Work task >> Quote exactly the lines from the one with "Blackjack cổ điển: Người" to the end of the data, both included; omit the pictures.
┌──
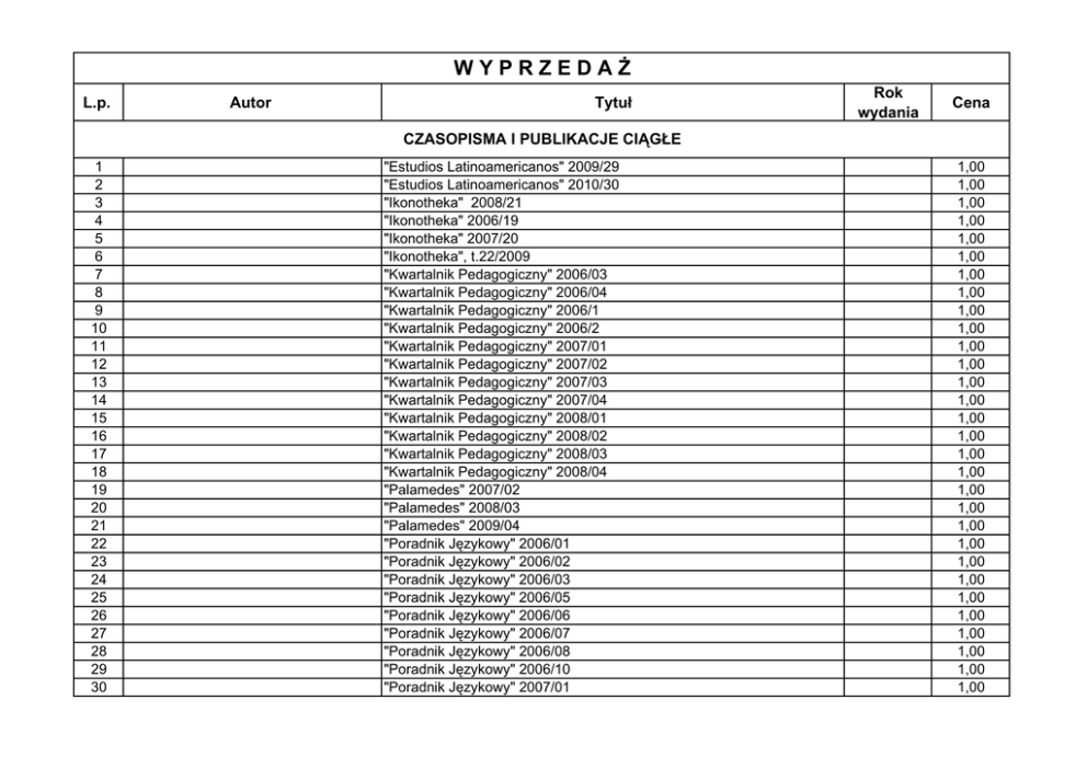 WYPRZEDAŻ L.p. Autor Tytuł Rok wydania Cena CZASOPISMA I PUBLIKACJE CIĄGŁE 1 2 3 4 5 6 7 8 9 10 11 12 13 14 15 16 17 18 19 20 21 22 23 24 25 26 27 28 29 30 "Estudios Latinoamericanos" 2009/29 "Estudios Latinoamericanos" 2010/30 "Ikonotheka" 2008/21 "Ikonotheka" 2006/19 "Ikonotheka" 2007/20 "Ikonotheka", t.22/2009 "Kwartalnik Pedagogiczny" 2006/03 "Kwartalnik Pedagogiczny" 2006/04 "Kwartalnik Pedagogiczny" 2006/1 "Kwartalnik Pedagogiczny" 2006/2 "Kwartalnik Pedagogiczny" 2007/01 "Kwartalnik Pedagogiczny" 2007/02 "Kwartalnik Pedagogiczny" 2007/03 "Kwartalnik Pedagogiczny" 2007/04 "Kwartalnik Pedagogiczny" 2008/01 "Kwartalnik Pedagogiczny" 2008/02 "Kwartalnik Pedagogiczny" 2008/03 "Kwartalnik Pedagogiczny" 2008/04 "Palamedes" 2007/02 "Palamedes" 2008/03 "Palamedes" 2009/04 "Poradnik Językowy" 2006/01 "Poradnik Językowy" 2006/02 "Poradnik Językowy" 2006/03 "Poradnik Językowy" 2006/05 "Poradnik Językowy" 2006/06 "Poradnik Językowy" 2006/07 "Poradnik Językowy" 2006/08 "Poradnik Językowy" 2006/10 "Poradnik Językowy" 2007/01 1,00 1,00 1,00 1,00 1,00 1,00 1,00 1,00 1,00 1,00 1,00 1,00 1,00 1,00 1,00 1,00 1,00 1,00 1,00 1,00 1,00 1,00 1,00 1,00 1,00 1,00 1,00 1,00 1,00 1,00 31 32 33 34 35 36 37 38 39 40 41 42 43 44 45 46 47 48 49 50 51 52 53 54 55 56 57 58 59 60 61 62 63 64 65 66 "Poradnik Językowy" 2007/02 "Poradnik Językowy" 2007/04 "Poradnik Językowy" 2007/06 "Poradnik Językowy" 2007/07 "Poradnik Językowy" 2007/09 "Poradnik Językowy" 2007/10 "Poradnik Językowy" 2008/02 "Poradnik Językowy" 2008/03 "Poradnik Językowy" 2008/04 "Poradnik Językowy" 2008/05 "Poradnik Językowy" 2008/06 "Poradnik Językowy" 2008/09 "Poradnik Językowy" 2009/01 "Poradnik Językowy" 2009/02 "Poradnik Językowy" 2009/03 "Poradnik Językowy" 2009/04 "Poradnik Językowy" 2009/05 "Poradnik Językowy" 2009/06 "Poradnik Językowy" 2009/07 "Poradnik Językowy" 2009/08 "Poradnik Językowy" 2009/09 "Poradnik Językowy" 2009/10 "Poradnik Językowy" 2010/01 "Poradnik Językowy" 2010/02 "Poradnik Językowy" 2010/03 "Poradnik Językowy" 2010/04 "Poradnik Językowy" 2010/05 "Poradnik Językowy" 2010/06 "Poradnik Językowy" 2010/07 "Poradnik Językowy" 2010/08 "Poradnik Językowy" 2010/09 "Poradnik Językowy" 2010/10 "Poradnik Językowy", 2008/07 "Poradnik Językowy", 2008/08 "Poradnik Językowy", 2008/10 "Przegląd Glottodydaktyczny" 2005/21 1,00 1,00 1,00 1,00 1,00 1,00 1,00 1,00 1,00 1,00 1,00 1,00 1,00 1,00 1,00 1,00 1,00 1,00 1,00 1,00 1,00 1,00 1,00 1,00 1,00 1,00 1,00 1,00 1,00 1,00 1,00 1,00 1,00 1,00 1,00 1,00 67 68 69 70 71 72 73 74 75 76 77 78 79 80 81 82 83 84 85 86 87 88 89 90 91 92 93 94 95 96 97 98 99 100 101 102 "Przegląd Glottodydaktyczny" 2006/22 "Przegląd Glottodydaktyczny" 2007/23 "Przegląd Glottodydaktyczny" 2008/24 "Przegląd Humanistyczny" 2003/07 "Przegląd Humanistyczny" 2005/06 "Przegląd Humanistyczny" 2006/02 "Przegląd Humanistyczny" 2006/03 "Przegląd Humanistyczny" 2006/04 "Przegląd Humanistyczny" 2006/05-06 "Przegląd Humanistyczny" 2007/01 "Przegląd Humanistyczny" 2007/02 "Przegląd Humanistyczny" 2007/03 "Przegląd Humanistyczny" 2007/04 "Przegląd Humanistyczny" 2007/05 "Przegląd Humanistyczny" 2007/06 "Przegląd Humanistyczny" 2008/01 "Przegląd Humanistyczny" 2008/02 "Przegląd Humanistyczny" 2008/03 "Przegląd Humanistyczny" 2008/04 "Przegląd Humanistyczny" 2008/05 "Przegląd Humanistyczny" 2008/06 "Przegląd Humanistyczny" 2009/01 "Przegląd Humanistyczny" 2009/02 "Przegląd Humanistyczny" 2009/03 "Przegląd Humanistyczny" 2009/04 "Przegląd Humanistyczny" 2009/06 "Przegląd Humanistyczny" 2009/07 "Przegląd Humanistyczny" 2009/08 "Przegląd Humanistyczny" 2009/09 "Przegląd Humanistyczny" 2009/10 "Przegląd Humanistyczny" 2010/01 "Przegląd Humnaistyczny" 2009/05 "Przegląd Muzykologiczny" 2007/07 "Przegląd Muzykologiczny", nr 5/2006 "Przegląd Muzykologiczny", nr 6/2006 "Stan Rzeczy" 2011/01 1,00 1,00 1,00 1,00 1,00 1,00 1,00 1,00 1,00 1,00 1,00 1,00 1,00 1,00 1,00 1,00 1,00 1,00 1,00 1,00 1,00 1,00 1,00 1,00 1,00 1,00 1,00 1,00 1,00 1,00 1,00 1,00 1,00 1,00 1,00 1,00 103 104 105 106 107 108 109 110 111 112 113 114 115 116 117 118 119 120 121 122 123 124 125 126 127 128 129 130 131 132 133 "Stosunki Międzynarodowe" 2009/1-2 "Stosunki Międzynarodowe" 2009/3-4 "Studia Interkulturowe Europy S-W" 1 "Studia Interkulturowe Europy S-W" 2 "Studia Interkulturowe Europy S-W" 3 "Studia Interkulturowe Europy S-W" 4 "Wiek Oświecenia" t.25 "Wiek Oświecenia", t. 22 "Wiek Oświecenia", t. 23. Miscellanea "Wiek Oświecenia", t. 24. Wojciech Bogusławski Africana Bulletin, [vol.] 53 Africana Bulletin, [vol.] 55 Afryka, Azja, Ameryka Łacińska, t.82. Anglica, poz.15. Crossroutes: Literature, Culture and Language Anglica, poz.17. Debating Literature and Culture Anglica, poz.18. Explorations in the English language Folio No. 1 Novensia, t.15. <Studia i materiały> Praca zbiorowa pod red. nauk. Piotra Dyczka Novensia, t.16. Novensia, t.17. <Studia i materiały> Novensia, t.18-19. <Studia i materia y> Novensia, t.20 Praca BUW, poz.31. Katalog druków XVI Prace BUW, poz. 24. Rękopisy kompozytorów Młodej Polski. Katalog 2 Prace BUW, poz.30. Kolekcje Prace BUW, poz.32. Kolekcje Prace i Studia Geograficzne, t.31. <50-lecie pracy naukowej Urszuli Soczyńskiej. 30-lecie pracy naukowej i dydaktycznej Zakładu Hydrologii> Praca zbiorowa Prace i Studia Geograficzne, t.33. <Cechy teksturalne osadów stokowych i fluwialnych> Praca zbiorowa Prace i Studia Geograficzne, t.34. <50 Prace i Studia Geograficzne, t.35. Recepcja. Transfer. Przekład 2005/04 1,00 1,00 1,00 1,00 1,00 1,00 1,00 1,00 1,00 1,00 1,00 1,00 1,00 1,00 1,00 1,00 1,00 1,00 1,00 1,00 1,00 1,00 1,00 1997 1,00 1,00 1,00 1,00 1,00 1,00 1,00 1,00 134 135 Recepcja. Transfer. Przekład 2006/05 Recepcja. Transfer. Przekład 2007/06 Recepcja. Transfer. Przekład. [Tom] 2. Czytając przekłady Praca zbiorowa pod redakcją Jana Koźbiała Recepcja. Transfer. Przekład. [Tom] 3. Studia Iuridica, t.45. Miscellanea Studia Iuridica, t.46. 
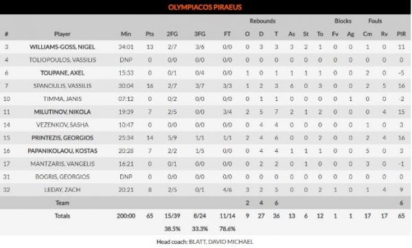 Με μια απίστευτη άμυνα που κατέστρεψε κάθε επιθετικό πλάνο του Δημήτρη Ιτούδη έδωσε τη δυνατότητα στον Ολυμπιακό να κυριαρχήσει. Αρκεί να δει κανείς ότι στα πρώτα 5,30 λεπτά οι γηπεδούχοι είχαν πετύχει μόλις 4π. (4-10), ενώ έκλεισε την πρώτη περίοδο με μόλις 13 πόντους ενεργητικό!
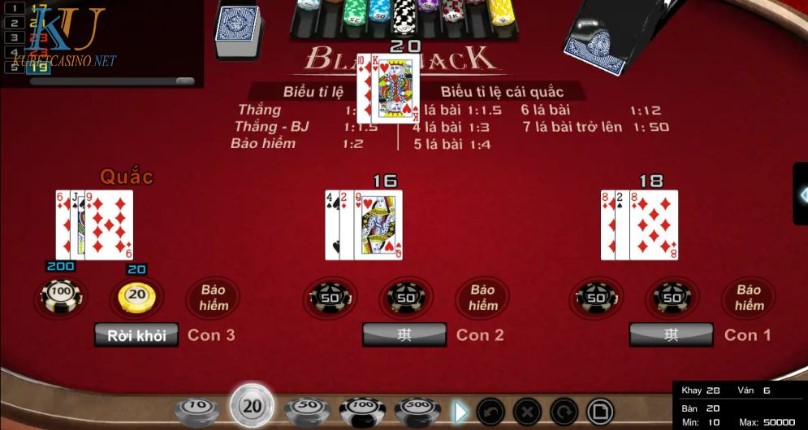 Blackjack cổ điển: Người chơi đặt mục tiêu đạt được giá trị ván bài gần nhất với 21 mà không vượt quá.
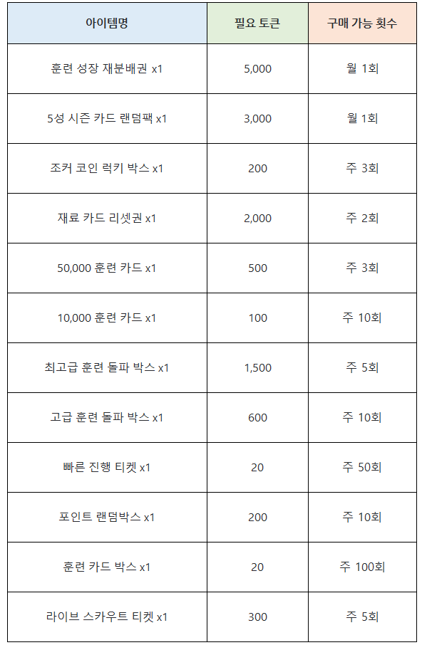 - 획득한 이벤트 토큰을 이벤트 상점에서 사용하여 다양한 보상을 획득할 수 있습니다.
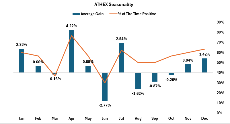The year is not over yet, but so far in 2025, Greek stocks are roughly flat during this seasonal window.
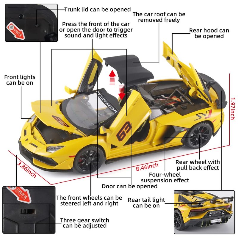 - 3.Yellow Lambo SVJ 63 Toy Cars Features:With simulated sound and light effects,there are three gear switches at the bottom of the car that can be adjusted. After adjusting to the open gear,Press the front of the car or open the door to trigger the sound and light effect.The doors can be opened,The trunk lid and hood can also be opened,the car roof is freely removable.The front wheels can turn left and right,four wheels with shock absorbing effect,the rear wheel has a pull-back function.
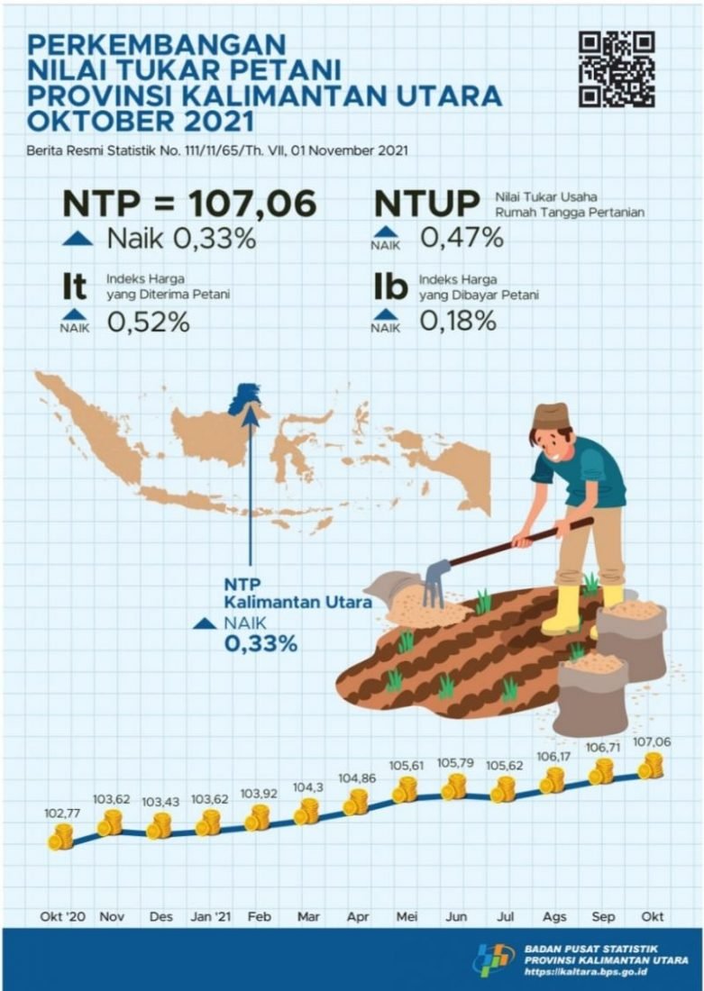 Kepala Badan Pusat Statistik (BPS) Kaltara, Tina Wahyufitri, S.Si., M.Si menerangkan pada Oktober 2021 NTP Kaltara sebesar 107,06. Hal itu disebabkan oleh beberapa faktor diantaranya Indeks Harga yang diterima petani.
└──
Problem solution >>
 Blackjack cổ điển: Người chơi đặt mục tiêu đạt được giá trị ván bài gần nhất với 21 mà không vượt quá.
 - 획득한 이벤트 토큰을 이벤트 상점에서 사용하여 다양한 보상을 획득할 수 있습니다.
The year is not over yet, but so far in 2025, Greek stocks are roughly flat during this seasonal window.
 - 3.Yellow Lambo SVJ 63 Toy Cars Features:With simulated sound and light effects,there are three gear switches at the bottom of the car that can be adjusted. After adjusting to the open gear,Press the front of the car or open the door to trigger the sound and light effect.The doors can be opened,The trunk lid and hood can also be opened,the car roof is freely removable.The front wheels can turn left and right,four wheels with shock absorbing effect,the rear wheel has a pull-back function.
 Kepala Badan Pusat Statistik (BPS) Kaltara, Tina Wahyufitri, S.Si., M.Si menerangkan pada Oktober 2021 NTP Kaltara sebesar 107,06. Hal itu disebabkan oleh beberapa faktor diantaranya Indeks Harga yang diterima petani.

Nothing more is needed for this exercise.